=== Task ===
Lines from the one with "Modern new accommodation" to the end of the material, both included: print them exactly and print nothing else. Omit the pictures.

=== Collected material ===
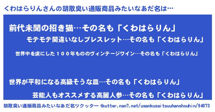 くわはらりんさんの胡散臭い通販商品みたいなあだ名をツクッター!
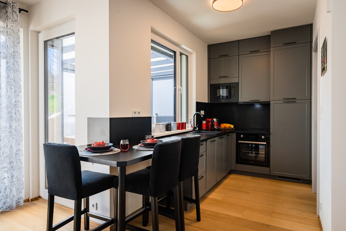 Modern new accommodation in a quiet area with an interesting view of Říp, Ještěd, Bezděz and the town of Mělník. Spacious 80m2 terrace with a private year-round Villeroy&Boch hot tub and sauna with a pleasant seating or relaxation in full privacy. The penthouse is located on the 13th floor and has an interior living area of 120m2.
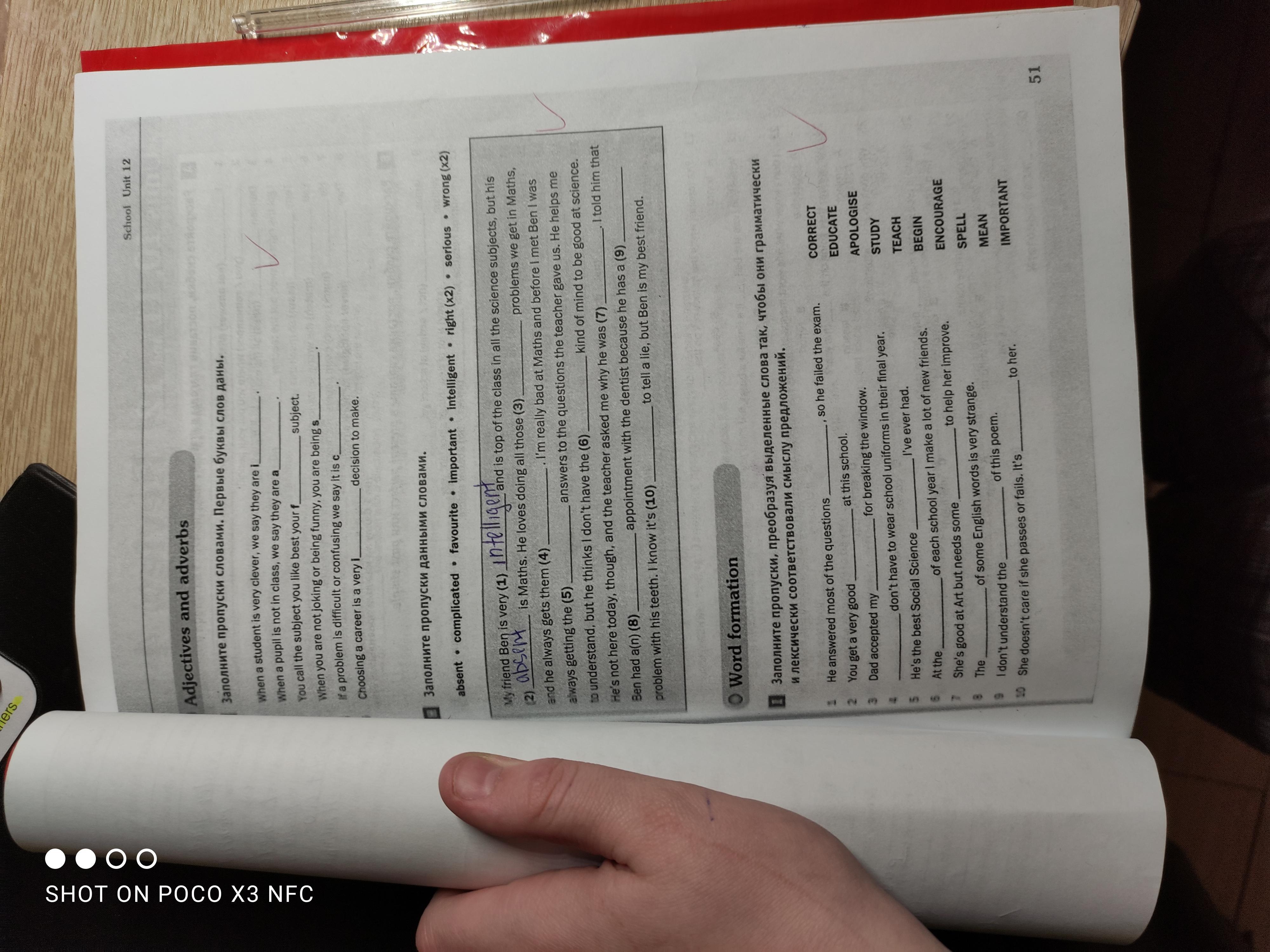 во втором: intelligent, favourite, complicated, right, wrong, right, absent, important, serious, wrong
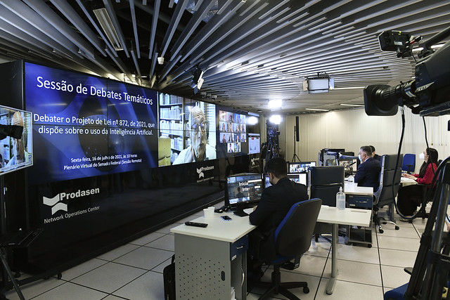Sessão de debates temáticos, realizada a partir da sala de controle da Secretaria de Tecnologia da Informação (Prodasen), para debater o Projeto de Lei nº 872, de 2021, que dispõe sobre o uso da Inteligência Artificial (IA).

=== Response ===
 Modern new accommodation in a quiet area with an interesting view of Říp, Ještěd, Bezděz and the town of Mělník. Spacious 80m2 terrace with a private year-round Villeroy&Boch hot tub and sauna with a pleasant seating or relaxation in full privacy. The penthouse is located on the 13th floor and has an interior living area of 120m2.
 во втором: intelligent, favourite, complicated, right, wrong, right, absent, important, serious, wrong
Sessão de debates temáticos, realizada a partir da sala de controle da Secretaria de Tecnologia da Informação (Prodasen), para debater o Projeto de Lei nº 872, de 2021, que dispõe sobre o uso da Inteligência Artificial (IA).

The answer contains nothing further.